- Theatrical release poster
- Directed by: Max Joseph
- Screenplay by: Max Joseph; Meaghan Oppenheimer;
- Story by: Richard Silverman
- Produced by: Tim Bevan; Eric Fellner; Liza Chasin;
- Starring: Zac Efron; Emily Ratajkowski; Shiloh Fernandez; Alex Shaffer; Jonny Weston; Wes Bentley;
- Cinematography: Brett Pawlak
- Edited by: Terel Gibson; David Diliberto;
- Music by: Stewart Copeland
- Production companies: Anton Capital Entertainment; Working Title Films;
- Distributed by: Warner Bros. Pictures (United States) StudioCanal (International)
- Release dates: August 11, 2015 (London); August 28, 2015 (United States);
- Running time: 96 minutes
- Countries: United States; United Kingdom;
- Language: English
- Budget: $2 million
- Box office: $11.1 million

= We Are Your Friends (film) =

2015 American music drama film directed by Max Joseph

We Are Your Friends is a 2015 drama film directed by Max Joseph (in his feature directorial debut). The screenplay, written by Meaghan Oppenheimer and Joseph, was adapted from a story by Richard Silverman. The film stars Zac Efron, Emily Ratajkowski, and Wes Bentley, and follows a young Los Angeles DJ trying to make it in the music industry and figure out life with his friends.
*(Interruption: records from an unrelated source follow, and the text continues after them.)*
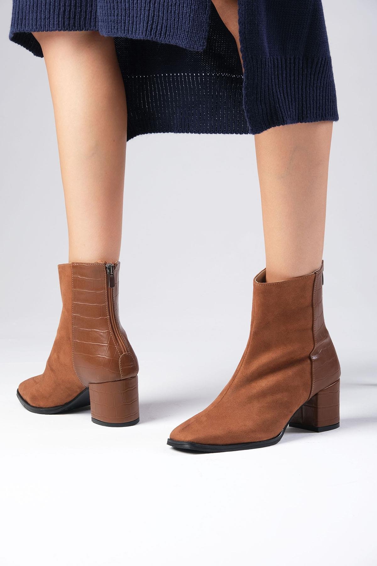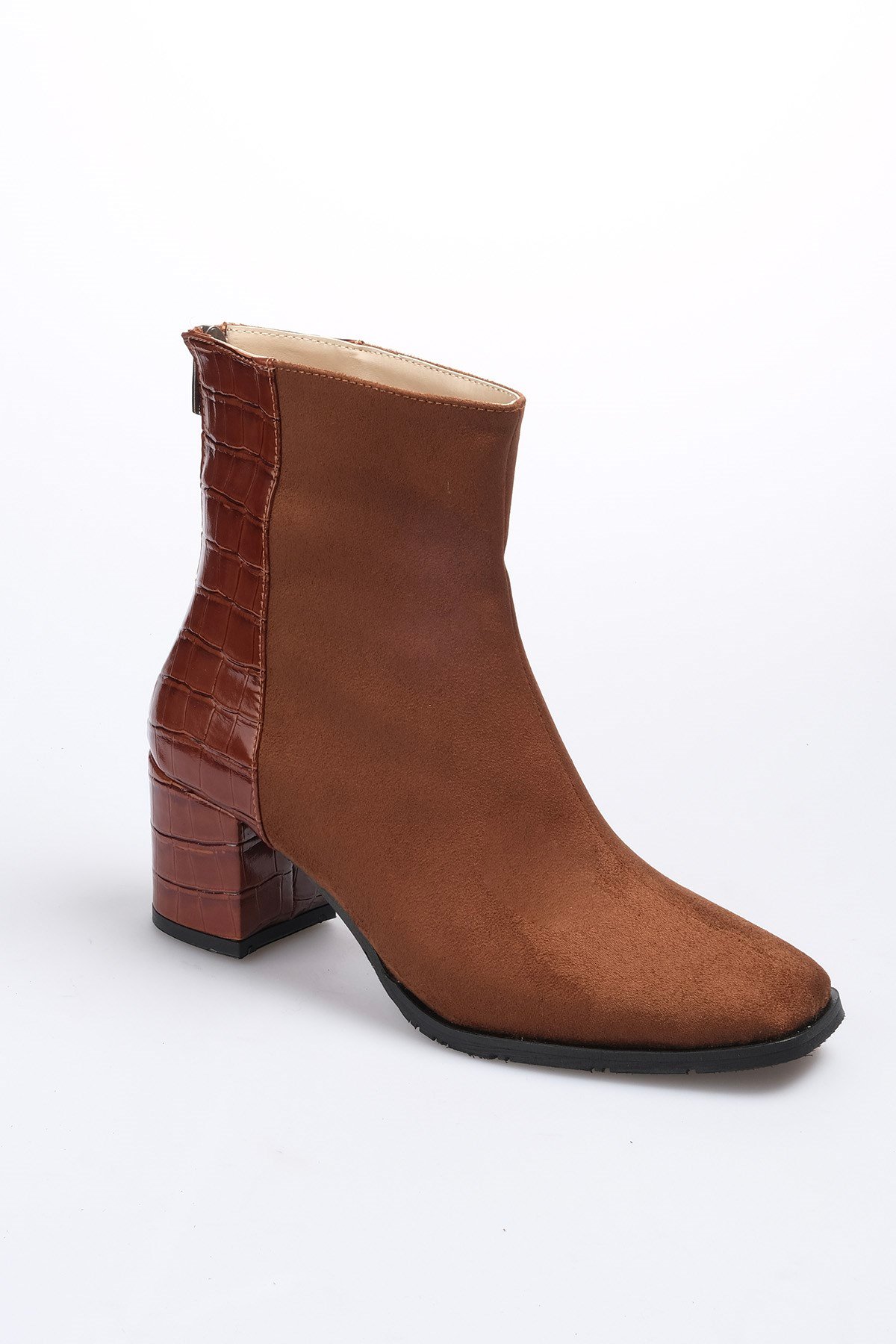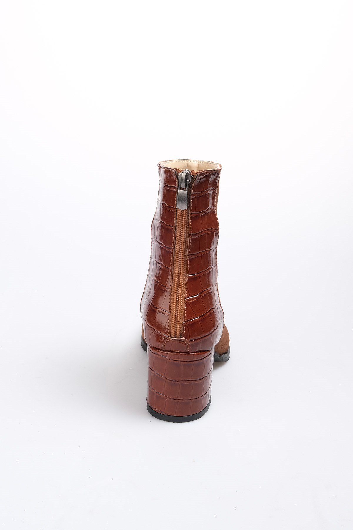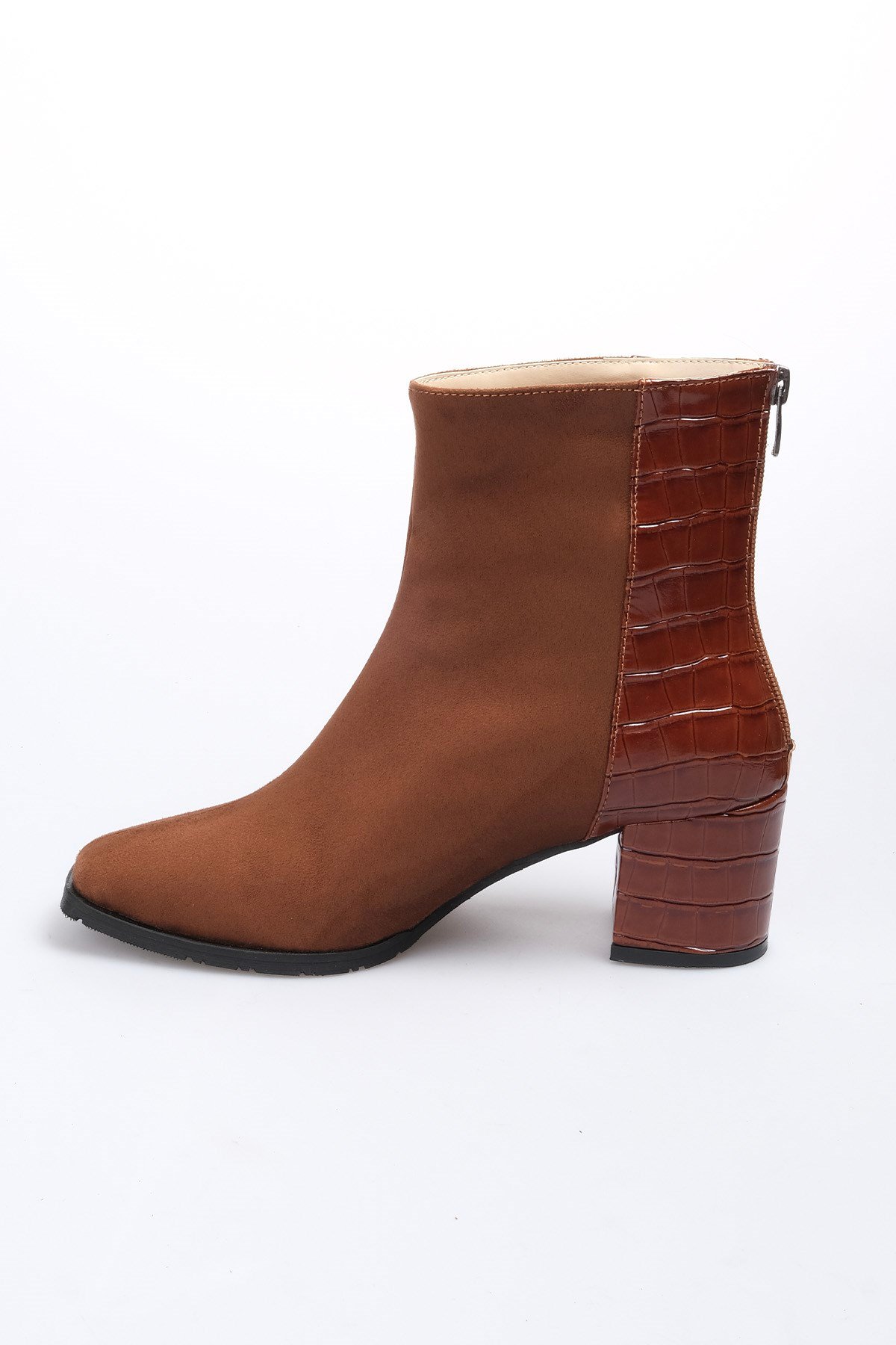 • Taba renk, ince suni kürk astarlı, süet ve krokodil desen kombinasyonlu kalın topuklu küt burunlu bot.
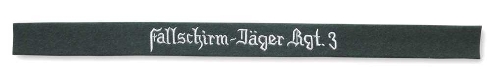 Schöne, hochqualitative Sammleranfertigung. Ärmelband "Fallschirm-Jäger Rgt. 3". Länge: ca. 49 cm, Breite: ca. 3,6 cm, Farbe: Grün, silbergrau gestickter Schriftzug.
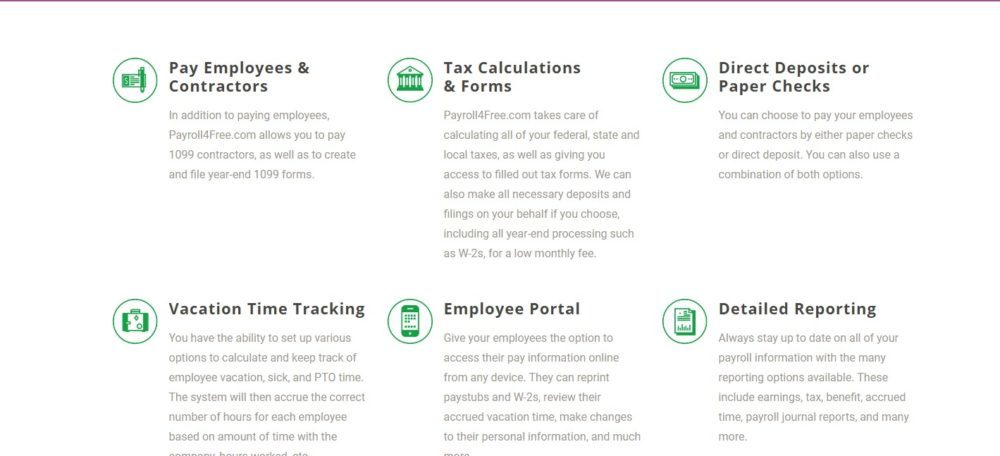 Payroll4Free.com is a payroll service company that focuses on very small businesses and offers the basic services free of charge.
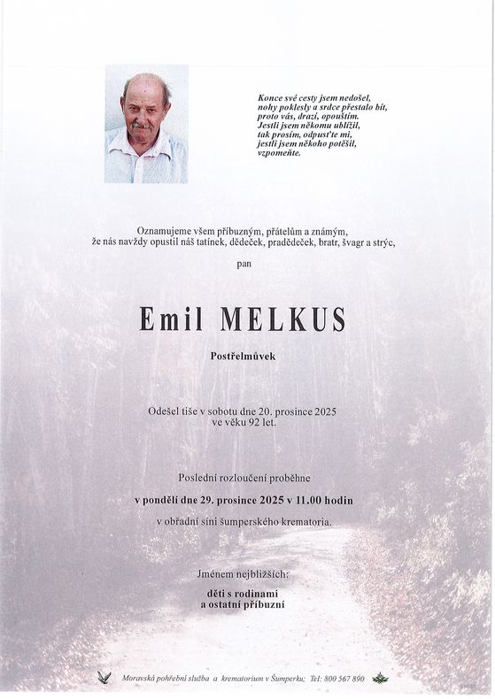 | Emil Melkus | 1933 | 20.12.2025 | Postřelmůvek | s obřadem |
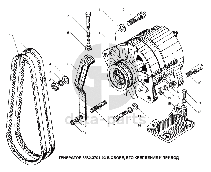 Генератор 6582.3701-03 в сборе, его крепление и привод
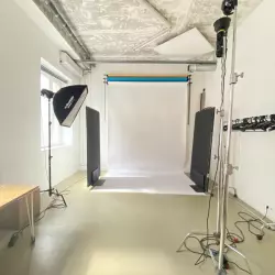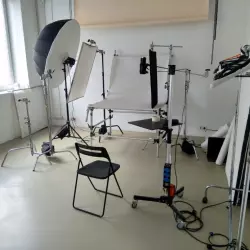 Зал пригоден для проведения фотосъемок и для проведения различных теоретических занятий. Есть черный, серый и белый фоны, осветительное оборудование с различными насадками, стулья для проведения лекций и мастер-классов, гримерка.
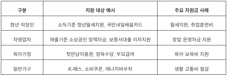 이외에도 첫만남이용권(200만 원), 보금자리론 금리우대, 전기·가스 요금 감면 등 생활밀착형 혜택이 다수 포함되어 있습니다.
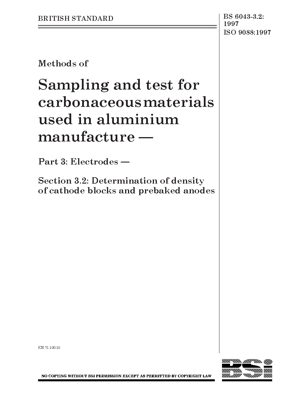 Methods of sampling and test for carbonaceous materials used in aluminium manufacture. Electrodes Determination density cathode blocks prebaked anodes
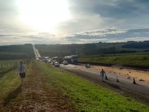 Interdição esta que foi causado depois da colisão de dois caminhões, sendo um que transportava milho e outro com carga de hidrogênio.
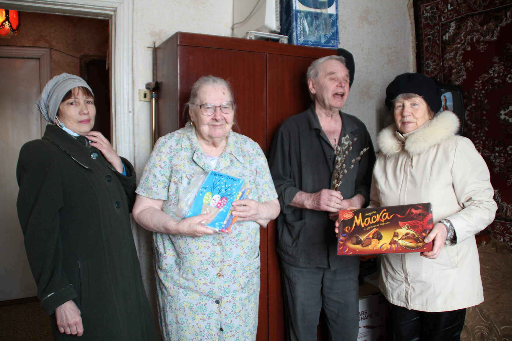 Нашему визиту они были очень рады, хотя заранее их не оповещали. «Очень кстати, нам бы никто не принес», - воскликнула Лидия Васильевна, увидев веточки вербы. В ходе беседы выяснилось, что Андрей Иванович совсем плохо видит и он с супругой давно уже не выходил на улицу. Лидия Васильевна, несмотря на состояние здоровья, не теряя оптимизма, увлеченно стала рассказывать, сколько у нее сортов герани, как она выращивает огурцы на балконе.
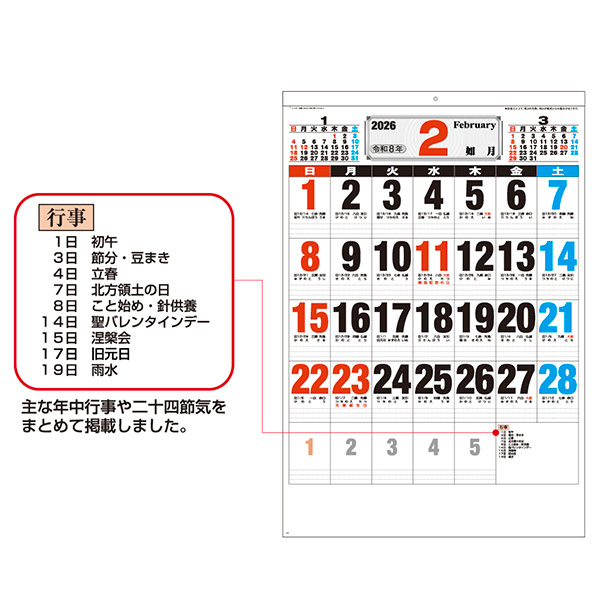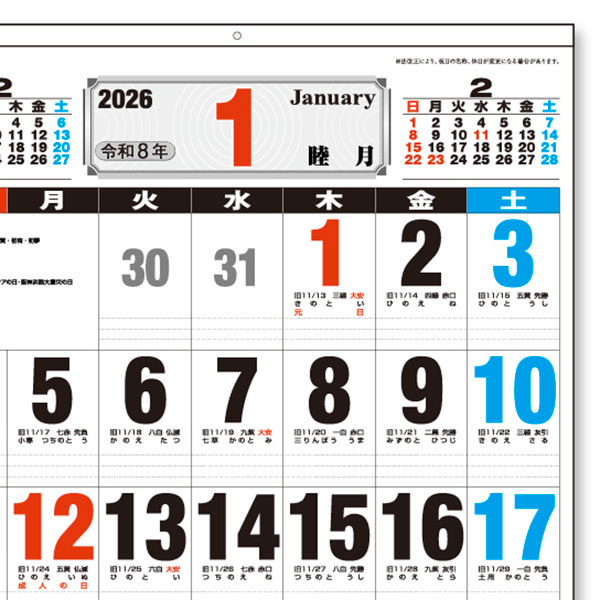 表紙の裏面は便利な年間予定表いなっておりますので、無駄なくお使いいただけます。
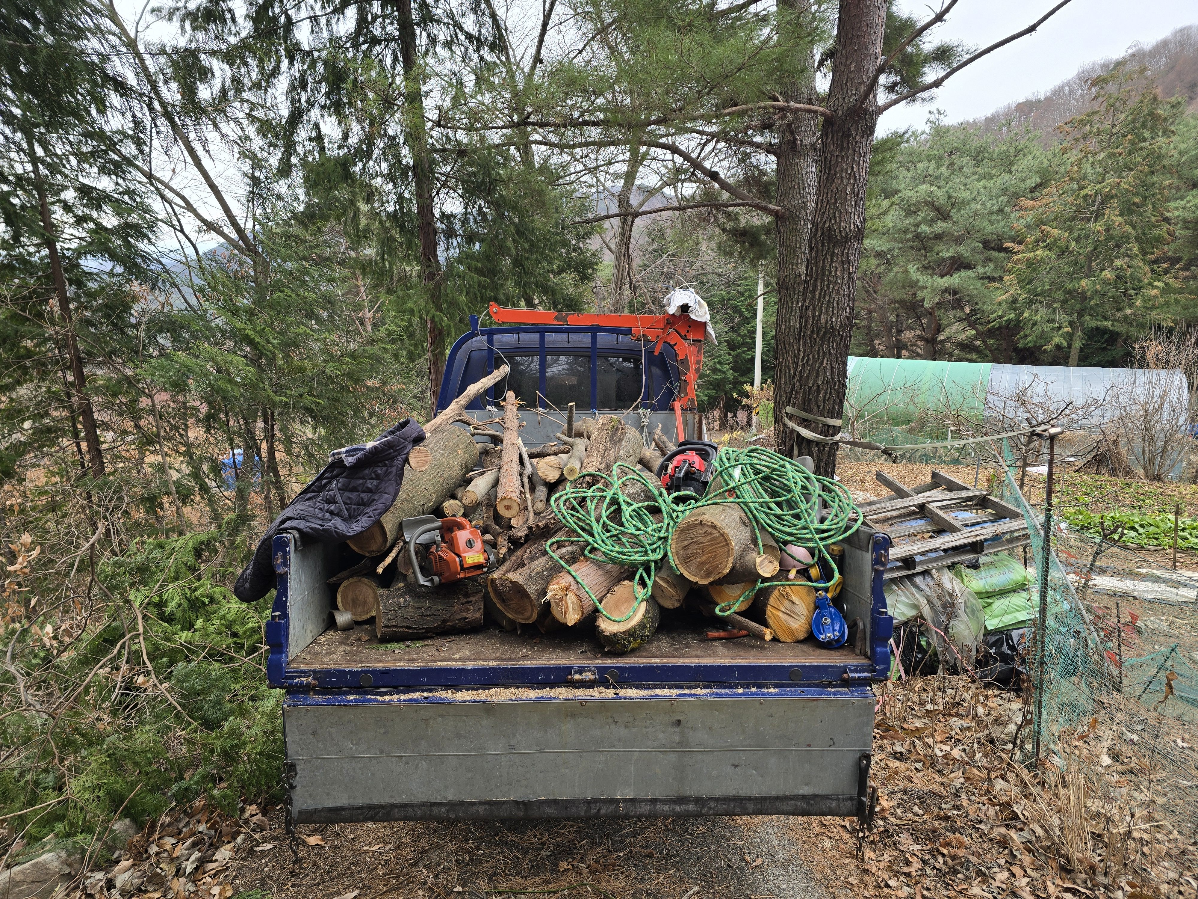 계곡 쪽에 잘라놓은 나무들을 옮겨놓기로 한다.
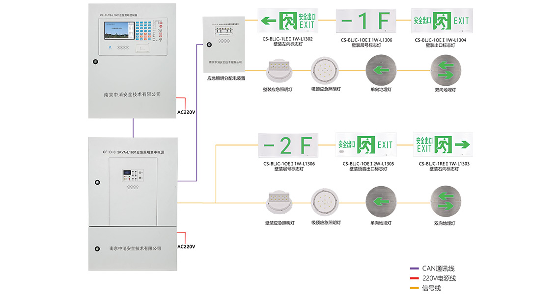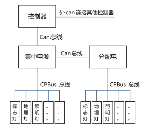應(yīng)急照明及疏散系統(tǒng)由控制器、集中電源、分配電裝置及各種燈具組成??刂破髋c集中電源、集中電源與分配電裝置均通過can總線相連,燈具掛接在集中電源或分配電上的CPBus總線上。
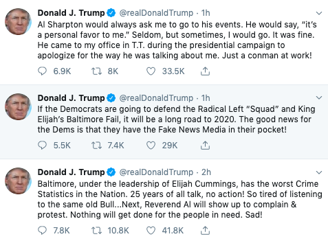 “Rep, Elijah Cummings has been a brutal bully, shouting and screaming at the great men & women of color of Border Patrol about conditions at the Southern Border, when actually his Baltimore district is FAR WORSE and more dangerous. His district is considered the Worst in the USA…”
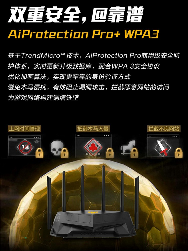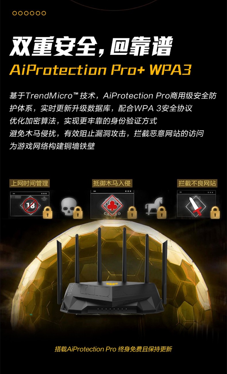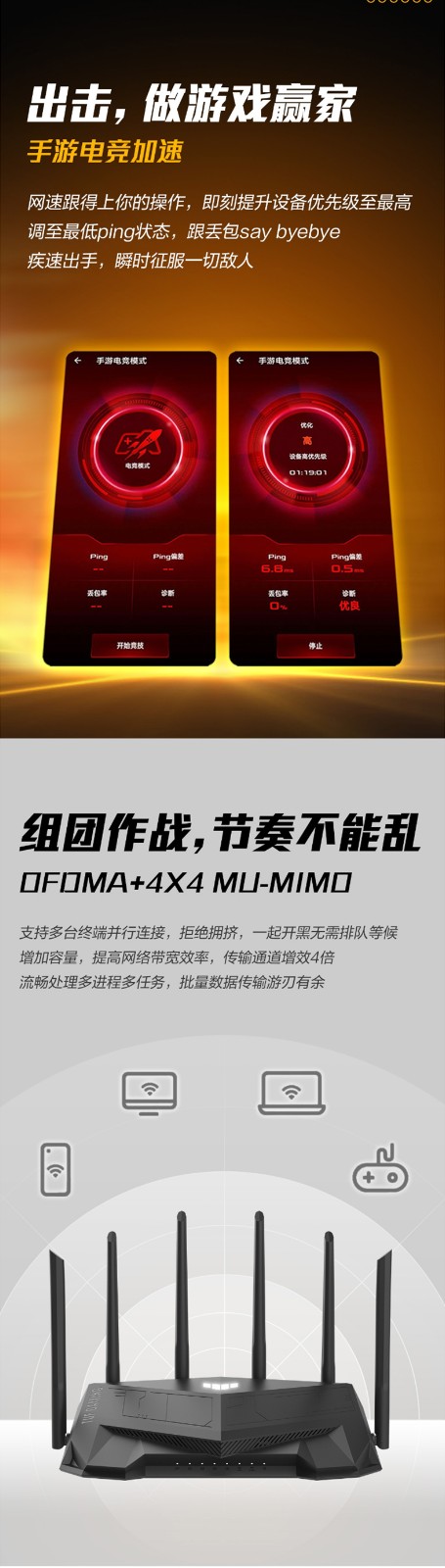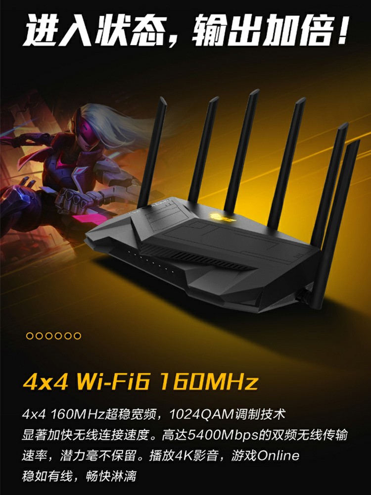 asus華碩TUFGAMINGAX5400穿墻王高速wifi6AX3000升級版雙頻無線千兆企業(yè)級wifi家用游戲加速端口路由器 千兆雙頻 單只裝

The film was released in the United States by Warner Bros. Pictures on August 28, 2015. Its financier, StudioCanal, distributed it internationally, including France, the United Kingdom, Germany, the Netherlands, Australia, and New Zealand. The film received mixed reviews and grossed $11 million.

==Plot==
Cole Carter, a San Fernando Valley native, former track star, college dropout, and struggling 23-year-old DJ in the electronic dance music (EDM) scene, dreams of becoming a major record producer. Cole's friends Mason (an aspiring club runner), Ollie (an aspiring actor), and Squirrel (gifted with math) partner up to canvas for a nightclub. With Mason's help, Cole was able to perform that night, where he meets the headliner, a once-innovative DJ, James Reed. James invites Cole to a party, where Cole hallucinates because a spliff they shared contained Phencyclidine (PCP). The morning after, Cole wakes up at James' lavish home, where he is introduced to Sophie, James' girlfriend and personal assistant, who drives him home. Unhappy with their earnings from canvassing, Cole and his friends seek employment with Paige Morrell, who manages a real estate solutions firm, providing promising income.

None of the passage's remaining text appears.